In 2021, earnings before interest, taxes, depreciation and amortization amounted to 160.8 million euros, with an incidence on revenues of 18.2 percent. In 2019, EBITDA totaled 155.9 million euros.
Retail revenues grew 3.1 percent to 659.4 million euros compared with 2019 and representing about 75 percent of the total. Compared with 2020, the channel rose 47 percent.
As of Dec. 31, the group counted 318 directly operated stores and 88 franchised stores, compared to 300 DOS and 103 franchised stores at the end of December 2020.
The e-commerce channel more than doubled the sales in 2019. Macellari said this year the group will start to work with Farfetch.

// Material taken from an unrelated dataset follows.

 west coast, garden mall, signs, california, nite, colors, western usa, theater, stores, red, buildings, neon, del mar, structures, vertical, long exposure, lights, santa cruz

The wholesale channel reported sales of 224.4 million euros, up 19.1 percent on 2020. Compared with 2019, it decreased 16.4 percent due to the streamlining of its accounts.
The company last year raised its prices by 4 to 6 percent in response to the increase in the cost of some raw materials, energy, logistics and transportation, said Macellari.
For the third year in a row, the company will not pay dividends.